La libertad religiosa empieza a asomarse de forma tímida

Elisa Álvarez González
Elisa Álvarez SANTIAGO / LA VOZ

SOCIEDAD

Evandro Inetti | DPA

Franco reconoce el derecho de cada persona a profesar su religión

05 abr 2018 . Actualizado a las 15:17 h.

En el año 1965 el Concilio Vaticano II declaró que cada persona tiene derecho a la libertad religiosa. La España de Franco, en donde la católica era oficialmente «la religión del Estado español», se vio obligada a recoger el guante. Y fue así como tímidamente a finales de los sesenta comenzó este derecho en el país, con una ley en el 67, ya derogada, y sus posteriores desarrollos normativos, algunos aún en vigor. En 1968, el año en el que comenzaron a fraguarse muchas libertades, también se pusieron las bases para que cada español pudiese profesar su propia religión públicamente.
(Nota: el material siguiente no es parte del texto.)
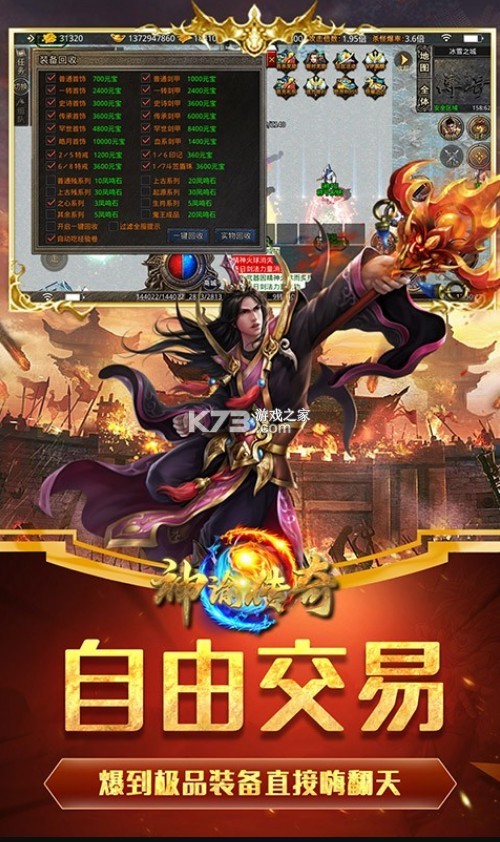 游戏中拥有各种精美酷炫的装备系统,直接在野外挂机战斗,设置战斗技能即可,随机爆取各种极品装备,根本不用 花一分钱,还有专门的装备回收系统,爆到极品的装备武器可以换取大量的元宝。多人一起屠城,享受那种即时战斗的游戏快感,召集昔日兄弟再续辉煌,游戏有着超高的爆率,玩家在BOSS狂怒的时候击杀BOSS还有一定的概率获得稀有的神戒和屠龙宝刀,玩家可以随时随意的与亿万兄弟一起感受最激情的热血对战!大量的传奇对战让玩家热血沸腾!带给玩家无限的激情,全新的神器更是免费获得!装备全靠打,大量的神技带给玩家无限的热血和激情,丰富的boss任务系统,超高的装备爆率,各种福利奖励拿到你手软,随时随地召集百万兄弟一起并肩作战,享受各种激 情战斗的快感。

Una orden de abril de ese año reconocía las confesiones religiosas no católicas y su derecho a constituirse en asociación, en la línea conciliar. También el de establecer lugares de culto, tener un registro de sus miembros y libros de contabilidad. No obstante, y pese a que el testigo del Concilio Vaticano II llegó a España, la ley era clara al recoger que la religión católica seguía siendo la de la nación.

Y es que todavía el país era un estado confesional, algo que no cambiaría hasta la entrada en vigor de la Constitución, en donde claramente se recoge en su artículo 16 que, «ninguna confesión tendrá carácter estatal». No solo eso, los poderes públicos, en función de las creencias de la sociedad española, están obligados a mantener relaciones de cooperación con la Iglesia católica y con las demás confesiones.

Medio siglo después «la libertad religiosa como derecho individual está plenamente garantizado en España», dice Vicente Sanjurjo, profesor de derecho constitucional de la USC, quien abordó en sus investigaciones este tema. Pero al mismo tiempo que se muestra contundente en la protección de esta libertad por parte del Estado, no lo es tanto en otras cuestiones que afectan a la religión, como la obligación que tienen los poderes públicos de ser neutrales. Las banderas a media asta durante la Semana Santa, la presencia pública de ministros en las procesiones, o las Fuerzas Armadas participando y protagonizando actos religiosos «casan mal con el principio de aconfesionalidad del artículo 16 de la Constitución», recuerda este profesor universitario.

«El Estado -añade Sanjurjo- no tiene ningún tipo de déficit en la garantía de la libertad religiosa, pero cuestiones como las anteriores plantean un problema con el principio de neutralidad estatal». No solo eso, sino que si los poderes públicos se identifican con un tipo de confesión, los individuos que no forman parte de ella no ven respaldado el ejercicio de su libertad de creencias en las mismas condiciones.

En la ley preconstitucional se recogía que los españoles, con independencia de sus creencias, tenían derecho al ejercicio de cualquier trabajo o actividad, e incluso se admitía la posibilidad de casarse, además de civilmente, por los ritos o ceremonias propias de las confesiones no católicas «en cuanto no atenten a la moral o a las buenas costumbres». Los españoles -admitía esta ley- tenían derecho a recibir sepultura según sus convicciones y a recibir enseñanza de su propia fe.

Una ley que duró 13 años

Poco duró esta primera ley de libertad religiosa que afloró a finales de los sesenta. Lógico, por otro lado, con la llegada de la democracia y la Constitución. En 1980 se aprobó una nueva norma adaptada a los principios constitucionales de aconfesionalidad del Estado. Las diferencias están claras ya desde sus primeras líneas, pasando de una religión católica «que es la de la Nación española» -rezaba el texto publicado en 1967-, a que «ninguna confesión tendrá carácter estatal» en la legislación del 80. No obstante, la Iglesia católica se aferraría a sus derechos en los acuerdos con la Santa Sede, que se negociaron prácticamente al mismo tiempo que la Constitución y en los que se incluyen aspectos educativos como el derecho a recibir clases de religión, o a que sea la propia Iglesia quien designe a los profesores de esta materia en los centros públicos.